Within the lines below, the span from the line with "Micrófito Boya BY-M2D" to the line with "15vip太阳集团金园校区教学楼及学生宿舍楼修缮工程监理采购询价函", both ends included, is to be reproduced exactly, with pictures omitted.

▸ Extracted material
◇ ◇ ◇ ◇ ◇ ◇ ◇
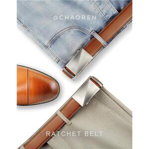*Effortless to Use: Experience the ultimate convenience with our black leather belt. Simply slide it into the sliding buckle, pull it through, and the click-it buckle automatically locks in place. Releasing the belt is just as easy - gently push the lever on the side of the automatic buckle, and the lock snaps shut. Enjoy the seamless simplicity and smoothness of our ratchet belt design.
◇ ◇ ◇ ◇ ◇ ◇ ◇
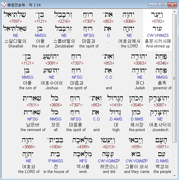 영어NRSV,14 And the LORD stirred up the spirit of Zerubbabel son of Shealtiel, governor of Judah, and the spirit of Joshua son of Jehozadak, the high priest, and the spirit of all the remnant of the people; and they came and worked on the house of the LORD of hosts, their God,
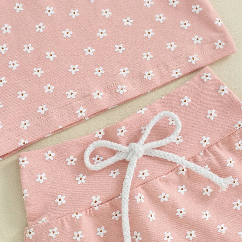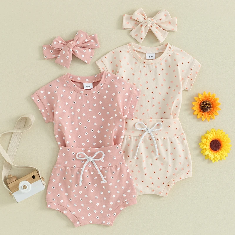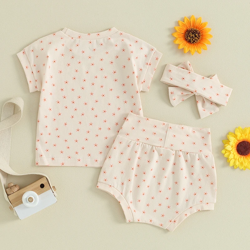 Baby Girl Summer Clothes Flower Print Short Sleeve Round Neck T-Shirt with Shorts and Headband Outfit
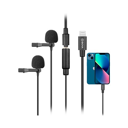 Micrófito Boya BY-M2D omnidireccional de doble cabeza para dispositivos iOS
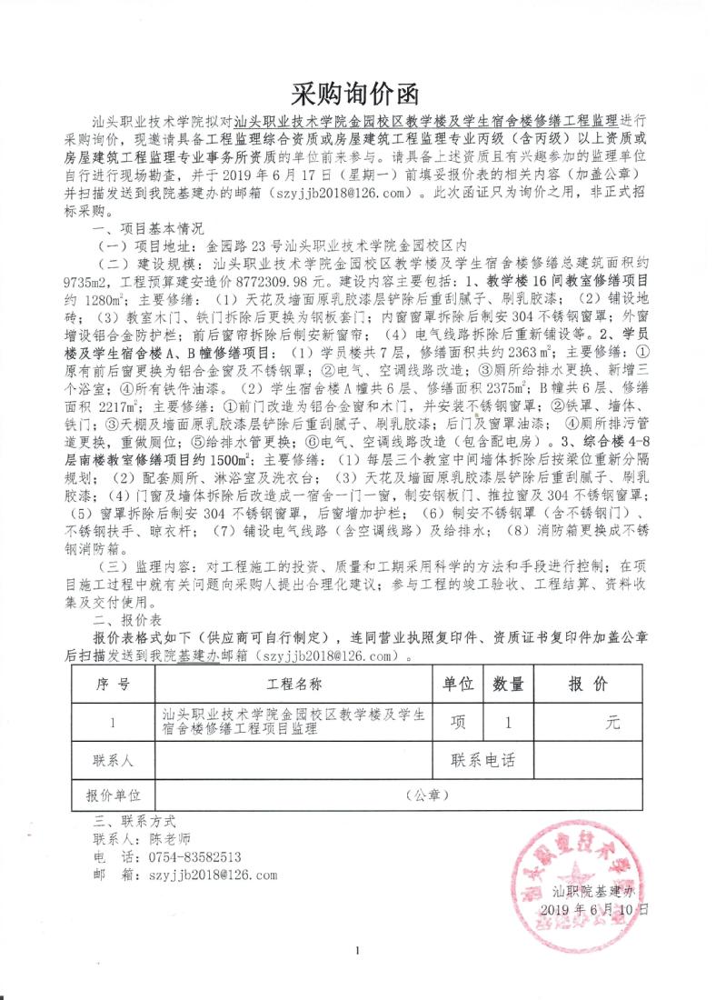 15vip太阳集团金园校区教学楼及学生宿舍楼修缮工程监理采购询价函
◇ ◇ ◇ ◇ ◇ ◇ ◇
▸ Result of the task
 Micrófito Boya BY-M2D omnidireccional de doble cabeza para dispositivos iOS
 15vip太阳集团金园校区教学楼及学生宿舍楼修缮工程监理采购询价函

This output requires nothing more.